Mi polvo salvaje en la oficina: tensión, folleteo crudo y vuelta al curro

Estaba en la oficina hasta tarde, ordenando un montón de carpetas polvorientas. El calor del verano se colaba por la ventana entreabierta, y yo sudaba un poco bajo la blusa ajustada. Javier, mi compañero del cubículo de al lado, entró con más papeles. ‘Ey, María, ¿necesitas ayuda?’, dijo con esa voz ronca que siempre me pone. Le miré… uf, esos ojos oscuros clavados en mí. ‘Sí, ven… pero cierra la puerta, que no moleste nadie’. El clic del pestillo sonó como una promesa. Nos acercamos a la mesa grande, rozándonos los brazos. Sus dedos rozaron los míos al pasar una carpeta, y sentí un cosquilleo directo al coño. ‘Hace calor aquí, ¿no?’, murmuró, desabotonándose la camisa un poco. Yo tragué saliva, notando cómo se le marcaba el paquete en los pantalones. Nuestras miradas se cruzaron, largas, pesadas. Él se acercó más, su aliento en mi cuello. ‘María, desde esta mañana no paro de pensar en ti… en ese culo que meneas por la oficina’. Me mordí el labio, el corazón latiéndome fuerte. El espacio se volvió nuestro, privado, con el zumbido del aire acondicionado como única testigo. Sus manos subieron por mis muslos, bajo la falda. ‘Joder, estás mojada ya’, susurró, frotando mi tanga empapado. Yo gemí bajito, echando la cabeza atrás. La adrenalina me subía, ¿y si entra alguien? Eso me ponía más cachonda.

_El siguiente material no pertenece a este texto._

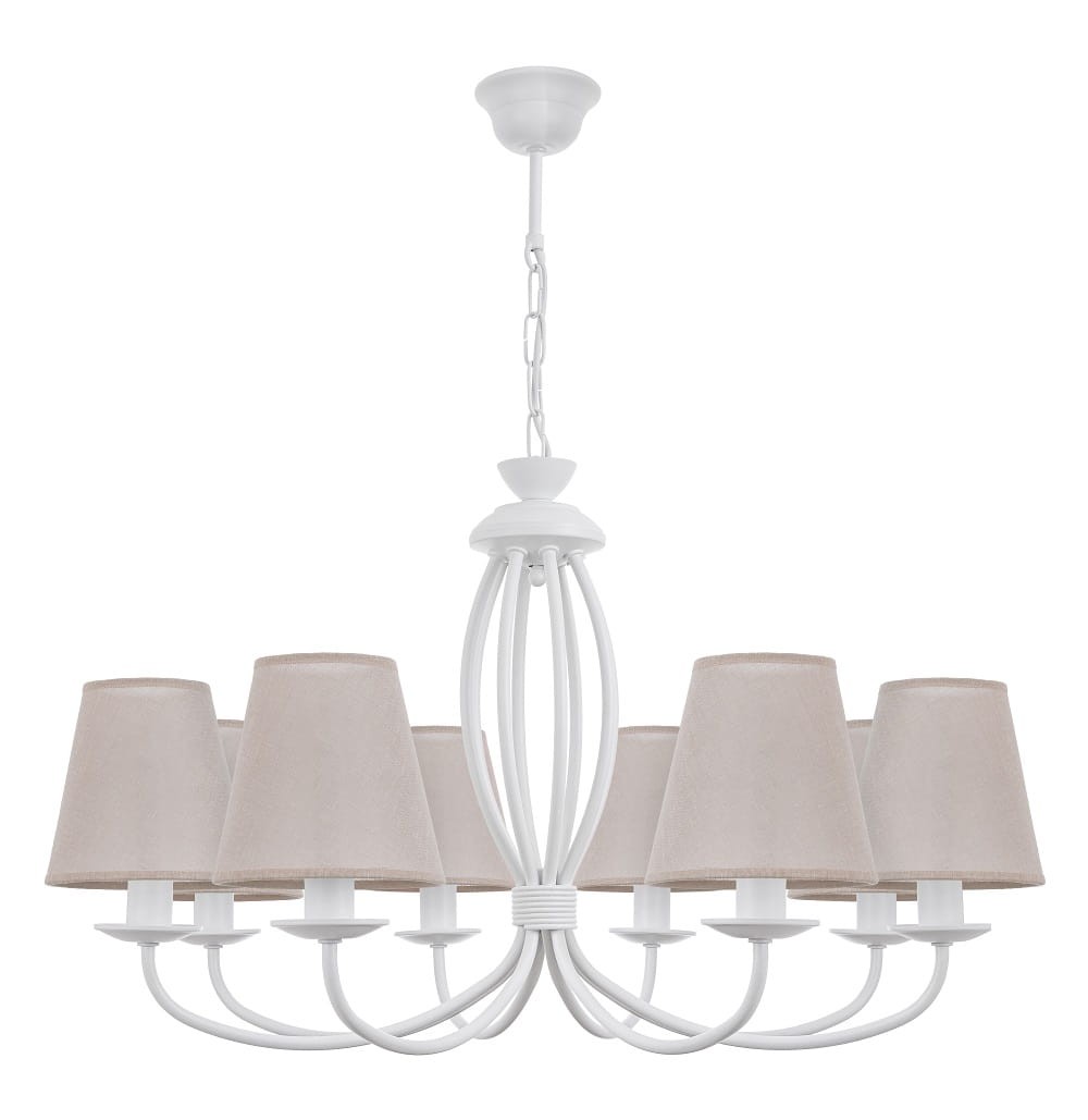 Duży stylowy biały żyrandol OLIVER 8-ramienny. Idealnie pasuje do jasnych wnętrz jak również do klasycznych salonów i pokoi. Aby jeszcze piękniej wkomponować lampę do wnętrza można bezpłatnie zmienić kolor abażurów.

No aguantamos más. Le bajé la cremallera de un tirón, saqué esa polla gruesa, venosa, ya tiesa como una barra. ‘Métemela ya, Javier, fóllame fuerte’, le supliqué, subiéndome a la mesa. Apartó mi tanga a un lado y embistió de golpe, clavándomela hasta el fondo. ‘¡Puta madre, qué coño tan apretado!’, gruñó, follándome con golpes secos, brutales. Sus pelotas chocaban contra mi culo, chapoteando en mis jugos. Yo le arañaba la espalda, mordiéndole el hombro para no gritar. ‘Más duro, joder, rómpeme el coño’, jadeaba, mientras él me magreaba las tetas, pellizcando los pezones duros. Cambiamos: me puse de rodillas en el suelo, chupándosela como una puta, tragándomela hasta la garganta, saliva chorreando. ‘Trágatela toda, zorra de oficina’, me ordenó, follándome la boca. Luego me levantó, me empotró contra la pared, levantándome una pierna. Me la metía salvaje, el escritorio temblando, papeles volando. Sentía su polla hinchándose, mis paredes apretándola, el orgasmo subiendo como una ola. ‘Me corro… ¡ahhh!’, chillé, convulsionando, squirtando un poco en sus huevos. Él no paró, unas embestidas más y ‘¡Toma mi leche, puta!’, rugió, llenándome el coño de porra caliente, goteando por mis muslos.

La tensión entre carpetas y miradas ardientes

Nos quedamos jadeando, sudorosos, oliendo a sexo puro. ‘Joder, ha sido… increíble’, murmuró él, besándome el cuello. Yo sonreí, limpiándome rápido con unas toallitas del cajón. ‘Vístete, que vuelven los jefes’. Nos arreglamos a toda prisa: camisa abotonada, falda lisa, polla guardada. Limpiamos los papeles revueltos, el charco en la mesa con un trapo. Sonreímos como si nada, el corazón aún acelerado. ‘Mañana repetimos, ¿eh?’, guiñó él saliendo. Yo me senté, abrí el Excel, fingiendo normalidad. Pero el coño me palpitaba, recordándome el riesgo, la adrenalina. Nadie sospechó nada. Día normal en la oficina.